» **THE PROBLEM**:
Print the data once more, exactly as given. Drop the pictures.

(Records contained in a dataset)

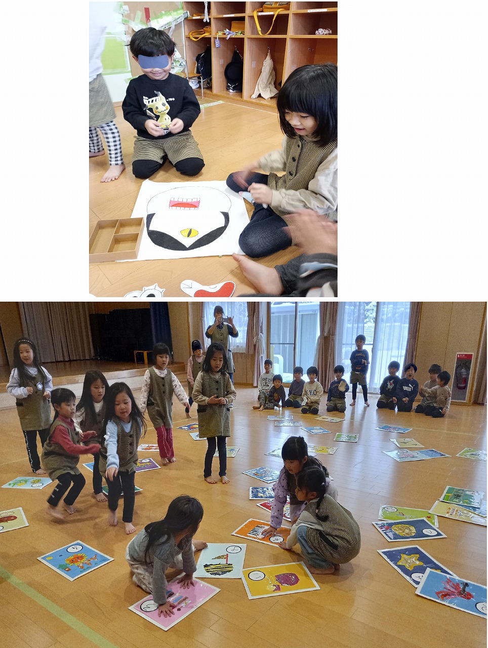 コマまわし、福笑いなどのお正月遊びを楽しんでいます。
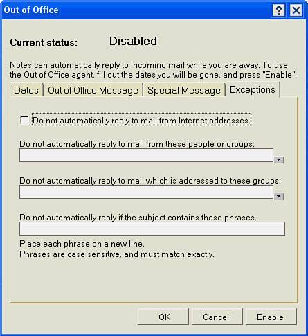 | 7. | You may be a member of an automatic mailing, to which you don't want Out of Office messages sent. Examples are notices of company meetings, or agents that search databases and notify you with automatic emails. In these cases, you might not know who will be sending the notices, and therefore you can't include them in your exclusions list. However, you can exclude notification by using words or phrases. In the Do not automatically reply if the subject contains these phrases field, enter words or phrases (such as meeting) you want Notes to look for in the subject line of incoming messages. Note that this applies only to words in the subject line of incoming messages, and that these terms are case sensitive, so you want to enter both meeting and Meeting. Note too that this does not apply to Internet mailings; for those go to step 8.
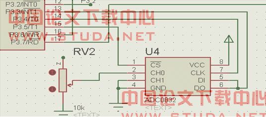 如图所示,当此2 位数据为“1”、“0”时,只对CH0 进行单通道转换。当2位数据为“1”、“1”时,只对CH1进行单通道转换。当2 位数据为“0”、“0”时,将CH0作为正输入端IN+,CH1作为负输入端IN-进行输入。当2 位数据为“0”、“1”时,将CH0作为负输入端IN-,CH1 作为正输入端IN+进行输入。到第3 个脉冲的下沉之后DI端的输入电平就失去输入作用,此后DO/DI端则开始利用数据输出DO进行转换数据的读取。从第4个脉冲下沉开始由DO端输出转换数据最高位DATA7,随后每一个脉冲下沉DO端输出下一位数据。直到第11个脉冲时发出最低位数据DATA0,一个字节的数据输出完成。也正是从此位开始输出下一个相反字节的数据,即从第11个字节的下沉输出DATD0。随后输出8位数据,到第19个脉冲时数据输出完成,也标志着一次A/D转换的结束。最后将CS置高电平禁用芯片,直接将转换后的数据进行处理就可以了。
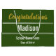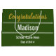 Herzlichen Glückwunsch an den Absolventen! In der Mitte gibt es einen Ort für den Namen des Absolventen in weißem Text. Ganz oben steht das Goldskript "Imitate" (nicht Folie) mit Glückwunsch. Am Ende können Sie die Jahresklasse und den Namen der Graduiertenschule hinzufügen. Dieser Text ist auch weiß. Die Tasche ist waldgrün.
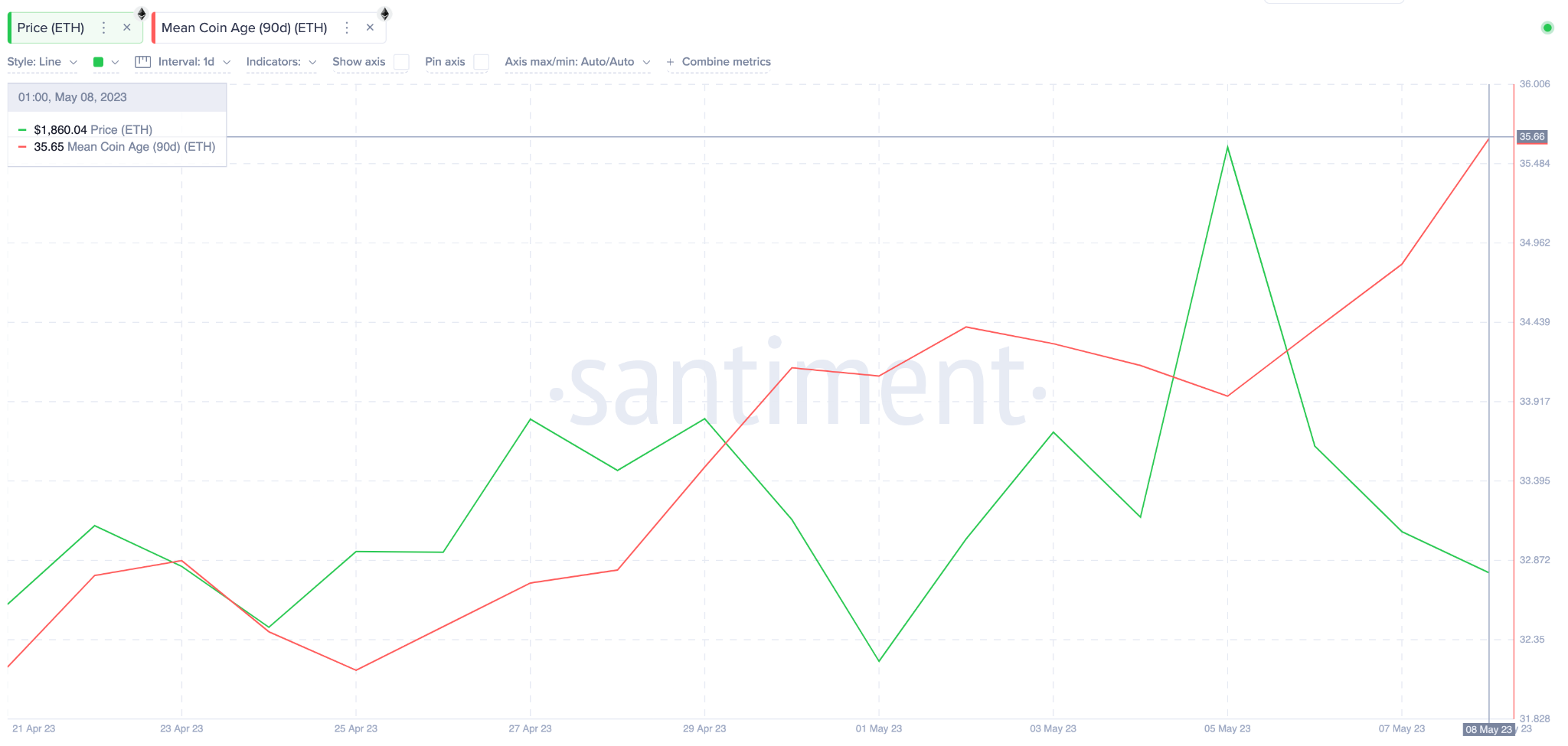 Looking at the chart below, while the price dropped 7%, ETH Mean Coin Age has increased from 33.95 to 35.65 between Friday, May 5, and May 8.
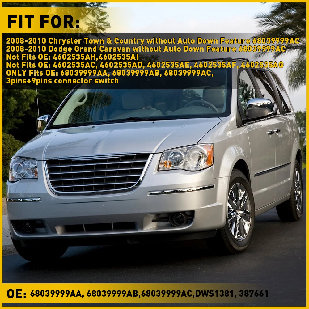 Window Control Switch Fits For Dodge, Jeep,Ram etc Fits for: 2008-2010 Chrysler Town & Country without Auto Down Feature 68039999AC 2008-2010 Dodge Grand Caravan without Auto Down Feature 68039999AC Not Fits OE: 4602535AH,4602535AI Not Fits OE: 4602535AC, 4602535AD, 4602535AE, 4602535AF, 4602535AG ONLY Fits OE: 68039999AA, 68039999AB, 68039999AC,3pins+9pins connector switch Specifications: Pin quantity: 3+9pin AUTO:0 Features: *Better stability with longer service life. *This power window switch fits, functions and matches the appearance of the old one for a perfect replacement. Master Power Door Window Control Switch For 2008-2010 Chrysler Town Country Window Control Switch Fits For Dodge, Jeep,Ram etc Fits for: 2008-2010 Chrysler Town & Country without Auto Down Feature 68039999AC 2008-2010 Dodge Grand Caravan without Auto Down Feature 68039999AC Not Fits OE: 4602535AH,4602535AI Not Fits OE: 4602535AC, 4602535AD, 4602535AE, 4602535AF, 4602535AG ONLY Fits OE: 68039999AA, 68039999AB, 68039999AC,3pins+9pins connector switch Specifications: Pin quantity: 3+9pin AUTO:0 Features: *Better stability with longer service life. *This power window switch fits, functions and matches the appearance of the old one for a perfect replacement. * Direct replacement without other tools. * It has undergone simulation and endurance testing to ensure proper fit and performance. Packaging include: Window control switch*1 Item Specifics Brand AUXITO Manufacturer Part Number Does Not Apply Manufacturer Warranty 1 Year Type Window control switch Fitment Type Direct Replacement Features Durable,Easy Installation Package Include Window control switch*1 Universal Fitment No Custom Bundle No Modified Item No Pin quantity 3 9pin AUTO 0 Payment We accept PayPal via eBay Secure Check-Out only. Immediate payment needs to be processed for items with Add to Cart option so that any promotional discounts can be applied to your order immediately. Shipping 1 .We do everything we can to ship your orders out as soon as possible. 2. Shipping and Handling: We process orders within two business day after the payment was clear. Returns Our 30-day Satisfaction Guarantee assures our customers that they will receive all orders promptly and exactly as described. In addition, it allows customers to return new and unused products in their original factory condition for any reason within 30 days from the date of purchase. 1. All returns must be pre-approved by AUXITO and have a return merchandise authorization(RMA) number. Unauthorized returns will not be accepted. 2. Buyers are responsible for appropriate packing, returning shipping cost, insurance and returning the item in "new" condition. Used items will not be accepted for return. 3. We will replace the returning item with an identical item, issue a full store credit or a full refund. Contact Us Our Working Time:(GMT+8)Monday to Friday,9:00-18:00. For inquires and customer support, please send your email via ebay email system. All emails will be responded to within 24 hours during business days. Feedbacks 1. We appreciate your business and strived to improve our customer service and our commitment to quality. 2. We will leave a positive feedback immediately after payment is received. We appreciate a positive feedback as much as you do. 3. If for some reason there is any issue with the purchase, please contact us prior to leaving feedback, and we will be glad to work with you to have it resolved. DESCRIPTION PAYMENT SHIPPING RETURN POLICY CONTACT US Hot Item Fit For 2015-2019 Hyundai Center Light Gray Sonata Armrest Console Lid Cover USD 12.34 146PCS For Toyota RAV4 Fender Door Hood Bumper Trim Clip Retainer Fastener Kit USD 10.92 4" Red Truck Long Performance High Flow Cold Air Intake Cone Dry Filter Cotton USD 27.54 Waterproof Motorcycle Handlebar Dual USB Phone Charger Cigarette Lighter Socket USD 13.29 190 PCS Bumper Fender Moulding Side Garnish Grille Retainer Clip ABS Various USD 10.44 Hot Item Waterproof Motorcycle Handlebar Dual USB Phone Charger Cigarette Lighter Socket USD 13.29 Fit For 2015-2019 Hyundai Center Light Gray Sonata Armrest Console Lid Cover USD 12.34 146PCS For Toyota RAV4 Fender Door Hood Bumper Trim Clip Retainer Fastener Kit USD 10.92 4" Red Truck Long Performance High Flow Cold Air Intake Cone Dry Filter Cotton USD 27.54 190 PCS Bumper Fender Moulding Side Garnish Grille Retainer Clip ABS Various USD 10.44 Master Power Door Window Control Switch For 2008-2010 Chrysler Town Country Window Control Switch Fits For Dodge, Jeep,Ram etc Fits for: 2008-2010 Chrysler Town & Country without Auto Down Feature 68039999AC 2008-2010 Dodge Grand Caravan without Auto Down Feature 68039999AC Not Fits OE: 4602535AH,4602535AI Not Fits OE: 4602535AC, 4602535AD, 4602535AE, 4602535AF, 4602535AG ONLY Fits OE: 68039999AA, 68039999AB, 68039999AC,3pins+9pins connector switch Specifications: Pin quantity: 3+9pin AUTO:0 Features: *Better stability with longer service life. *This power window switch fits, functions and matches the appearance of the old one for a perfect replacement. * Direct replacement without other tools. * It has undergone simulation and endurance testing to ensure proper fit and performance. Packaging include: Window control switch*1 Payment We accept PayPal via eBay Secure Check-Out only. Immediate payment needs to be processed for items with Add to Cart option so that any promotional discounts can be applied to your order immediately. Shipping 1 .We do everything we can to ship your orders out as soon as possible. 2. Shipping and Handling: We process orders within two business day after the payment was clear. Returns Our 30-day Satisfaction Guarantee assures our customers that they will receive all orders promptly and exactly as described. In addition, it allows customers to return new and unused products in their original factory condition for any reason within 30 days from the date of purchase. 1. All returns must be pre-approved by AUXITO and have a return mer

» **WRITTEN ANSWER**:
 コマまわし、福笑いなどのお正月遊びを楽しんでいます。
 | 7. | You may be a member of an automatic mailing, to which you don't want Out of Office messages sent. Examples are notices of company meetings, or agents that search databases and notify you with automatic emails. In these cases, you might not know who will be sending the notices, and therefore you can't include them in your exclusions list. However, you can exclude notification by using words or phrases. In the Do not automatically reply if the subject contains these phrases field, enter words or phrases (such as meeting) you want Notes to look for in the subject line of incoming messages. Note that this applies only to words in the subject line of incoming messages, and that these terms are case sensitive, so you want to enter both meeting and Meeting. Note too that this does not apply to Internet mailings; for those go to step 8.
 如图所示,当此2 位数据为“1”、“0”时,只对CH0 进行单通道转换。当2位数据为“1”、“1”时,只对CH1进行单通道转换。当2 位数据为“0”、“0”时,将CH0作为正输入端IN+,CH1作为负输入端IN-进行输入。当2 位数据为“0”、“1”时,将CH0作为负输入端IN-,CH1 作为正输入端IN+进行输入。到第3 个脉冲的下沉之后DI端的输入电平就失去输入作用,此后DO/DI端则开始利用数据输出DO进行转换数据的读取。从第4个脉冲下沉开始由DO端输出转换数据最高位DATA7,随后每一个脉冲下沉DO端输出下一位数据。直到第11个脉冲时发出最低位数据DATA0,一个字节的数据输出完成。也正是从此位开始输出下一个相反字节的数据,即从第11个字节的下沉输出DATD0。随后输出8位数据,到第19个脉冲时数据输出完成,也标志着一次A/D转换的结束。最后将CS置高电平禁用芯片,直接将转换后的数据进行处理就可以了。
 Herzlichen Glückwunsch an den Absolventen! In der Mitte gibt es einen Ort für den Namen des Absolventen in weißem Text. Ganz oben steht das Goldskript "Imitate" (nicht Folie) mit Glückwunsch. Am Ende können Sie die Jahresklasse und den Namen der Graduiertenschule hinzufügen. Dieser Text ist auch weiß. Die Tasche ist waldgrün.
 Looking at the chart below, while the price dropped 7%, ETH Mean Coin Age has increased from 33.95 to 35.65 between Friday, May 5, and May 8.
 Window Control Switch Fits For Dodge, Jeep,Ram etc Fits for: 2008-2010 Chrysler Town & Country without Auto Down Feature 68039999AC 2008-2010 Dodge Grand Caravan without Auto Down Feature 68039999AC Not Fits OE: 4602535AH,4602535AI Not Fits OE: 4602535AC, 4602535AD, 4602535AE, 4602535AF, 4602535AG ONLY Fits OE: 68039999AA, 68039999AB, 68039999AC,3pins+9pins connector switch Specifications: Pin quantity: 3+9pin AUTO:0 Features: *Better stability with longer service life. *This power window switch fits, functions and matches the appearance of the old one for a perfect replacement. Master Power Door Window Control Switch For 2008-2010 Chrysler Town Country Window Control Switch Fits For Dodge, Jeep,Ram etc Fits for: 2008-2010 Chrysler Town & Country without Auto Down Feature 68039999AC 2008-2010 Dodge Grand Caravan without Auto Down Feature 68039999AC Not Fits OE: 4602535AH,4602535AI Not Fits OE: 4602535AC, 4602535AD, 4602535AE, 4602535AF, 4602535AG ONLY Fits OE: 68039999AA, 68039999AB, 68039999AC,3pins+9pins connector switch Specifications: Pin quantity: 3+9pin AUTO:0 Features: *Better stability with longer service life. *This power window switch fits, functions and matches the appearance of the old one for a perfect replacement. * Direct replacement without other tools. * It has undergone simulation and endurance testing to ensure proper fit and performance. Packaging include: Window control switch*1 Item Specifics Brand AUXITO Manufacturer Part Number Does Not Apply Manufacturer Warranty 1 Year Type Window control switch Fitment Type Direct Replacement Features Durable,Easy Installation Package Include Window control switch*1 Universal Fitment No Custom Bundle No Modified Item No Pin quantity 3 9pin AUTO 0 Payment We accept PayPal via eBay Secure Check-Out only. Immediate payment needs to be processed for items with Add to Cart option so that any promotional discounts can be applied to your order immediately. Shipping 1 .We do everything we can to ship your orders out as soon as possible. 2. Shipping and Handling: We process orders within two business day after the payment was clear. Returns Our 30-day Satisfaction Guarantee assures our customers that they will receive all orders promptly and exactly as described. In addition, it allows customers to return new and unused products in their original factory condition for any reason within 30 days from the date of purchase. 1. All returns must be pre-approved by AUXITO and have a return merchandise authorization(RMA) number. Unauthorized returns will not be accepted. 2. Buyers are responsible for appropriate packing, returning shipping cost, insurance and returning the item in "new" condition. Used items will not be accepted for return. 3. We will replace the returning item with an identical item, issue a full store credit or a full refund. Contact Us Our Working Time:(GMT+8)Monday to Friday,9:00-18:00. For inquires and customer support, please send your email via ebay email system. All emails will be responded to within 24 hours during business days. Feedbacks 1. We appreciate your business and strived to improve our customer service and our commitment to quality. 2. We will leave a positive feedback immediately after payment is received. We appreciate a positive feedback as much as you do. 3. If for some reason there is any issue with the purchase, please contact us prior to leaving feedback, and we will be glad to work with you to have it resolved. DESCRIPTION PAYMENT SHIPPING RETURN POLICY CONTACT US Hot Item Fit For 2015-2019 Hyundai Center Light Gray Sonata Armrest Console Lid Cover USD 12.34 146PCS For Toyota RAV4 Fender Door Hood Bumper Trim Clip Retainer Fastener Kit USD 10.92 4" Red Truck Long Performance High Flow Cold Air Intake Cone Dry Filter Cotton USD 27.54 Waterproof Motorcycle Handlebar Dual USB Phone Charger Cigarette Lighter Socket USD 13.29 190 PCS Bumper Fender Moulding Side Garnish Grille Retainer Clip ABS Various USD 10.44 Hot Item Waterproof Motorcycle Handlebar Dual USB Phone Charger Cigarette Lighter Socket USD 13.29 Fit For 2015-2019 Hyundai Center Light Gray Sonata Armrest Console Lid Cover USD 12.34 146PCS For Toyota RAV4 Fender Door Hood Bumper Trim Clip Retainer Fastener Kit USD 10.92 4" Red Truck Long Performance High Flow Cold Air Intake Cone Dry Filter Cotton USD 27.54 190 PCS Bumper Fender Moulding Side Garnish Grille Retainer Clip ABS Various USD 10.44 Master Power Door Window Control Switch For 2008-2010 Chrysler Town Country Window Control Switch Fits For Dodge, Jeep,Ram etc Fits for: 2008-2010 Chrysler Town & Country without Auto Down Feature 68039999AC 2008-2010 Dodge Grand Caravan without Auto Down Feature 68039999AC Not Fits OE: 4602535AH,4602535AI Not Fits OE: 4602535AC, 4602535AD, 4602535AE, 4602535AF, 4602535AG ONLY Fits OE: 68039999AA, 68039999AB, 68039999AC,3pins+9pins connector switch Specifications: Pin quantity: 3+9pin AUTO:0 Features: *Better stability with longer service life. *This power window switch fits, functions and matches the appearance of the old one for a perfect replacement. * Direct replacement without other tools. * It has undergone simulation and endurance testing to ensure proper fit and performance. Packaging include: Window control switch*1 Payment We accept PayPal via eBay Secure Check-Out only. Immediate payment needs to be processed for items with Add to Cart option so that any promotional discounts can be applied to your order immediately. Shipping 1 .We do everything we can to ship your orders out as soon as possible. 2. Shipping and Handling: We process orders within two business day after the payment was clear. Returns Our 30-day Satisfaction Guarantee assures our customers that they will receive all orders promptly and exactly as described. In addition, it allows customers to return new and unused products in their original factory condition for any reason within 30 days from the date of purchase. 1. All returns must be pre-approved by AUXITO and have a return mer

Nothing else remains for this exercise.